Le cas Richard Jewell - affiche

titre original "Richard Jewell"
année de production 2019
réalisation Clint Eastwood
scénario Billy Ray, d'après l'article de Marie Brenner ("American Tragedy: The Ballad of Richard Jewell", Vanity Fair, février 1997)
photographie Yves Bélanger
musique Arturo Sandoval
interprétation Paul Walter Hauser, Sam Rockwell, Olivia Wilde, Kathy Bates

La critique de Sébastien Miguel pour Plans Américains

Remake de "Sully" ou énième film de propagande pro-Trump d'un cinéaste légendaire ayant renoncé à faire du cinéma ?

L'idéologue et son inclinaison aux racolages démago à la Trump peuvent faire vomir. Pourtant, le drame de cette fin de carrière est réel. Ses pensums exécrables reflètent tous les croyances et la vraie sincérité de leur auteur.

Alors que dire ????

Niveau cinéma : il n'y a presque plus rien, sauf deux montages parallèles (un nul et l'autre bien) et une scène d'anthologie où tout le monde se tortille sur 'La Macarena' !

Les héros synthétisant les nobles valeurs (républicaines) restent les Américains bas du front passionnés par les armes à feu et par la puissance militaire de leur pays. Les mères sont exemplaires, et l'amitié demeure le seul rempart face à la folie meurtrière du monde.

Le F.B.I. ? Toujours dans l'erreur. Les médias ? Une horde de vampires assoiffés de sang, dont Olivia Wilde (arriviste, diabolique et... éblouissante de beauté !) serait l'incarnation suprême.*

Le film se clôt par un discours simple sur la vacuité de bafouer l'héroïsme et résonne avec une naïveté confondante.

Désarmant.

* On peut tout à fait voir une nouvelle accusation de la part d'Eastwood envers les lobbies malfaisants (enquêteurs, médias) qui cherchent régulièrement des poux dans la chevelure orangée de Trump...

La critique de Didier Koch pour Plans Américains

À près de 90 ans, Clint Eastwood réalise, avec "Le Cas Richard Jewell", son trente-neuvième long métrage. Depuis "L’Échange" en 2008, il puise dans des faits réels afin d’observer le comportement d’individus lambdas face à des situations qui les confrontent à l’adversité et parfois même à l’ingratitude. Ainsi, Angelina Jolie, dont le fils est kidnappé, se coltine à la police lorsque celle-ci veut lui imposer un enfant qu’elle ne reconnaît pas comme le sien ("L’Échange"). C’est ensuite Bradley Cooper, qui interprète Chris Kyle, champion de rodéo devenu le plus efficace sniper de l’armée américaine présente en Irak ("American Sniper"). Dans "Sully" (2016), Tom Hanks incarne le pilote de l’US Airways qui, le 15 janvier 2009, effectue un amerrissage forcé sur le fleuve Hudson pour sauver ses passagers et dont le choix sera remis en cause par les autorités de sécurité. "Le 15h17 pour Paris" s’intéresse au comportement héroïque de trois jeunes touristes américains déjouant un attentat terroriste à bord d’un TGV. "La Mule", enfin, où Clint Eastwood reprend du service en tant qu’acteur pour camper un horticulteur retraité, ancien de Corée devenu passeur de drogue pour venir en aide à sa famille.

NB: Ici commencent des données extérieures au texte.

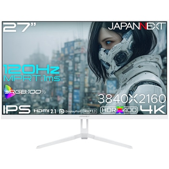 27インチのIPSパネルを搭載した、4K(3840×2160)解像度のゲーミングモニターです。120Hzの高速リフレッシュレート、1ms(MPRT)の高速応答速度により、より滑らかな映像表示を可能にし、ゲームプレイに最適です。3つのゲームモードを搭載しFPSなどゲームに合わせて変更可能です。本体カラーにホワイトを採用。モニターベゼルやスタンドも白となっており、爽やかでおしゃれな空間を演出したい場合や、デバイスを白で統一したい場合に最適です。さらに、付属のケーブル類にもホワイトカラーを採用。最大輝度400cd/m2、sRGB:100%の広色域に対応した液晶パネルは、HDR400相当の性能を持ち、コンテンツを色鮮やかに映し出します。HDR(ハイダイナミックレンジ)は、明るい部分も暗い部分もくっきり表現。可変リフレッシュレート(VRR)にも対応し、ティアリングやスタッタリングを軽減し、よりなめらかにVRR対応ゲームを表示します。インターフェイスはHDMI 2.1×2、DisplayPort 1.4×2を搭載。75×75mmのVESAマウントに対応、モニターアームやモニタースタンドなどへの取り付けが可能です。2W×2のステレオスピーカーを内蔵。本製品には、2年間のメーカー保証が付きます。

Pour "Le Cas Richard Jewell", le réalisateur est arrivé assez tard sur le projet initialement prévu pour Paul Greengrass, avec Jonah Hill et Leonardo DiCaprio dans les deux rôles principaux. Il a choisi Paul Walter Hauser, acteur assez peu connu, pour incarner Richard Jewell, et Sam Rockwell pour tenir le rôle de son avocat. Richard Jewell, jeune homme plus que rondouillard, vivant chez sa mère (formidable Kathy Bates), a toujours rêvé de faire partie des forces de police. Son zèle associé à une conception un peu rigide de l’action policière lui a déjà valu quelques déboires. En 1996, alors qu’Atlanta accueille les Jeux Olympiques du centenaire, son implication sans faille lui permet de sauver de nombreuses vies alors qu’une bombe explose lors d’un concert aux abords du stade. Tout d’abord adulé et présenté comme un héros, il devient rapidement la cible du F.B.I. qui, pour masquer ses déficiences alors que ses agents étaient sur place, en fait un suspect potentiel. Dans la foulée, les médias s’emparent de l’affaire.

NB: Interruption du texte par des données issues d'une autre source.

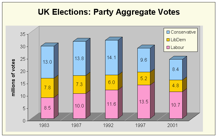The actual results, shown below (and in this graph), show that Labour was only marginally more popular in 2001 than in 1987 when Margaret Thatcher ruled the roost. In 1987, the margin between Labour and the winning Conservatives was 11.5%. In other words, with essentially the same vote in 1987, Labour was at the losing end of a bigger landslide than the hapless Tories were in 2001. In 1992, Labour got more votes than in 2001, despite suffering a massive defeat.

Avec la sobriété habituelle de sa mise en scène, Eastwood maîtrise parfaitement son sujet proposant un mélange subtil entre suspense juridique et démonstration de la capacité des institutions à s’allier pour broyer un homme quand des « intérêts supérieurs » sont en jeu. Le film pose in fine, à travers Richard Jewell et sa formidable interprétation par Paul Walter Hauser, la question de l’engagement personnel des individus quand, au-delà du manque compréhensible de courage, tout les incite à détourner la tête ou à passer leur chemin. Guère de surprise donc concernant un Clint Eastwood ayant depuis longtemps montré son savoir-faire dans le domaine du cinéma de divertissement engagé, mais surtout le plaisir de le voir mettre son talent au service d’un jeune acteur en devenir, dont il exploite avec pudeur et justesse la capacité à émouvoir. Si son cinéma est devenu un peu plus consensuel et parfois un peu moins percutant, le grand Clint Eastwood a toujours des choses à dire, à défaut d’en avoir encore à prouver.